# how to solve this problem



## susanas (Dec 5, 2008)

I have a bf 2 years ago but live very far from each other, so we only met twice a year.Every time it is me get very very wet first and want sex so much, but feel so much pain or no feeling at all during sex.At first ,I think the reason is my body have not get used to sex after 6 month life without sex.but I still feel no feeling After 8 days continuous sex.my bf is experience with sex and love me too, I think the problem is not his,but mine.now we part and I have not sex over 2 years,As have not met any guy who love me or I am willing to make love with him.i hear that if a woman cannot make love then she cannt marry either,but i want marry .What should i do?
Forgiveme poor english!


----------



## dcrim (Oct 1, 2008)

Have you tried toys? Something to keep you in shape, as it were. 
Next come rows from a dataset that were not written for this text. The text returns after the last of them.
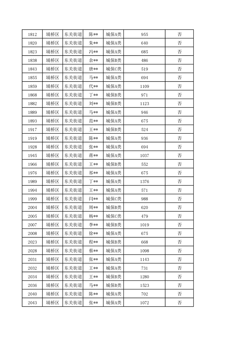 【城乡低保】东关街道2024年第二季度城乡低保发放花名册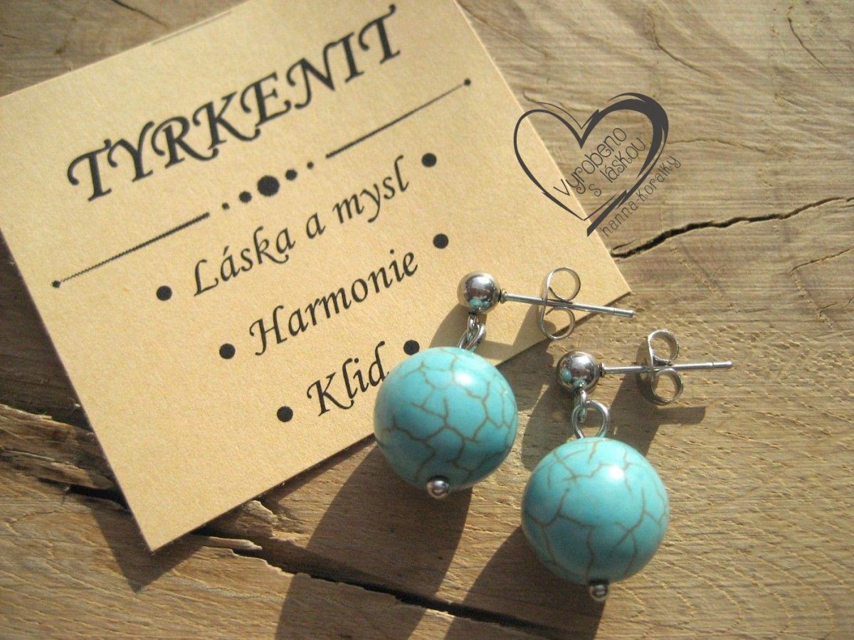 Náušnice puzety z nerez oceli s minerálem - Tyrkenit - velikost minerálního korálku 1,2 cm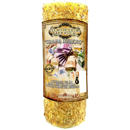 O velão de ervas chama dinheiro foi cuidadosa e artesanalmente preparado seguindo preceitos e formulas ancestrais afro-brasileiras, recorrendo à plantas, sementes e ervas especificas, às mais finas parafinas e ceras e aos mais naturais óleos essenciais. Este velão de ervas chama dinheiro é especialmente preparado para, seguindo um ritual especifico, atingir o fim pretendido.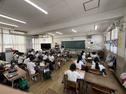 林間学習前の検診が行われていたため、前の黒板に書かれた自習をしています。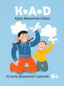 KAD Karty Aktywności Dzieci : 32 karty aktywności i potrzeb / autorka: Magdalena Wegner-Jezierska ; opracowanie graficzne: Hanna Lepieszkiewicz. - [Kraków] : Heim Produkty Terapeutyczno-Edukacyjne, [2024]. - 1 gra (32 karty) : tektura, kolor, karton ; w pudełku 13x10x3 cm + instrukcja (12 stron ; 11 cm)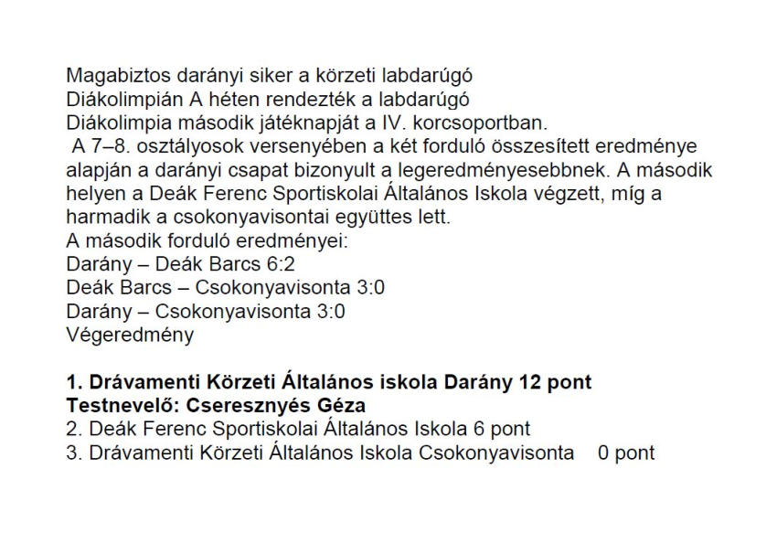 Diákolimpia labdarúgás körzeti döntő 7-8.osztály Barcs - 2026.március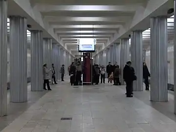 - Лестницы с платформы ведут в подземные переходы под улицей Маршала Бирюзова[5].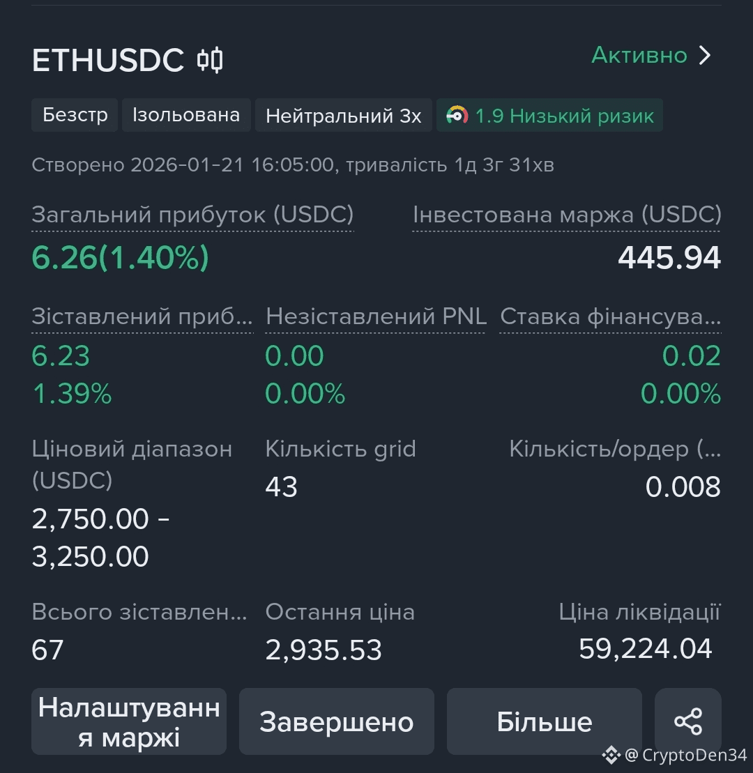 Ethereum is perfect for safe accumulation. The bot executes dozens of trades within the range while the price is ranging.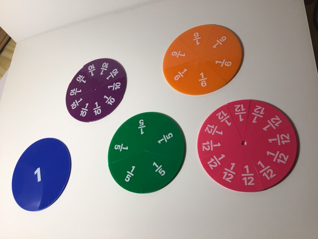 Con este material mostrado arriba, el alumno/a interioriza mejor el sentido de fracción y puede manipular los quintos o los doceavos. Sabe lo que ocupan dos quintos, etc…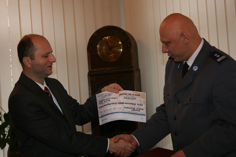 Policjanci z Komendy Powiatowej Policji w Lęborku otrzymali od miasta wsparcie finansowe na modernizację i rozbudowę stanowiska monitoringu miejskiego oraz na pokrycie kosztów zakwaterowania i wyżywienia słuchaczy Szkoły Policji w Słupsku. Symboliczny czek bankowy odebrał z rąk Burmistrza Włodzimierza Klaty podinspektor Jacek Partyka, Komendant Powiatowy Policji.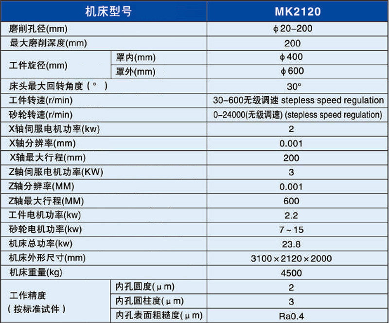 ●本機床為二軸(X軸、Z軸)數(shù)控內(nèi)圓磨床,主要用于磨削工件的內(nèi)圓孔、臺階孔、內(nèi)端面、外端面。磨削循環(huán)均自動完成(具有自動進刀、退刀、粗磨、精磨;自動修正砂輪、自動補償?shù)裙δ?。

Where did you hear that the inability to make love (intercourse) means you can't marry?? It's a very nice thing to do, but it's not technically necessary. Especially if your partner has a low libido.


----------



## susanas (Dec 5, 2008)

dcrim said:


> Have you tried toys? Something to keep you in shape, as it were.
> 
> Where did you hear that the inability to make love (intercourse) means you can't marry?? It's a very nice thing to do, but it's not technically necessary. Especially if your partner has a low libido.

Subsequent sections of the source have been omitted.